Neuromythography

The Architecture of the Soul

Adolphe Quetelet was a French intellectual who introduced statistics to the social sciences. He is best known for creating the body-mass index (BMI), the first biometric, that is still used today. Quetelet inspires our neologism, Queteletan.

Quetelet’s methods ultimately inspired later researchers such as Francis Galton to extend biometrics to psychometrics (IQ), in order to measure more abstract mental processes. Galton, in turn, was the mentor of Karl Pearson, and his methods led to the modern research statistics practices established by Ronald Fisher. This line of research infamously led to late 19th century imperialist misadventures, eugenics programs, and racial generalizations invoking ‘reversions to the mean’.

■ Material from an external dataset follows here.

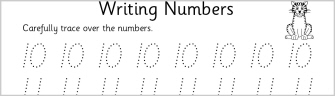 A set of basic worksheets where pupils trace and write numerals from 10 to 20.

Quetelet represents the kind of naive empiricism and correlations that plague modern science. BMI is a very poor predictive measure: 25% of people with an obese BMI have excellent cardiovascular health, while 50% of people with a normal BMI have poor cardiovascular health. Yet many doctors and researchers still represent it to patients as a valid metric. Wittgenstein’s ruler is a parable about this source of error.

Quetelet’s ‘social physics’ were contrasted with Auguste Comte’s ‘sociology’ by its focus on statistical analysis. Today, sociology encompasses both fields, but distinguishes between ‘theory’ that traces back to Comte and ’empirical’ analysis that traces back to Quetelet.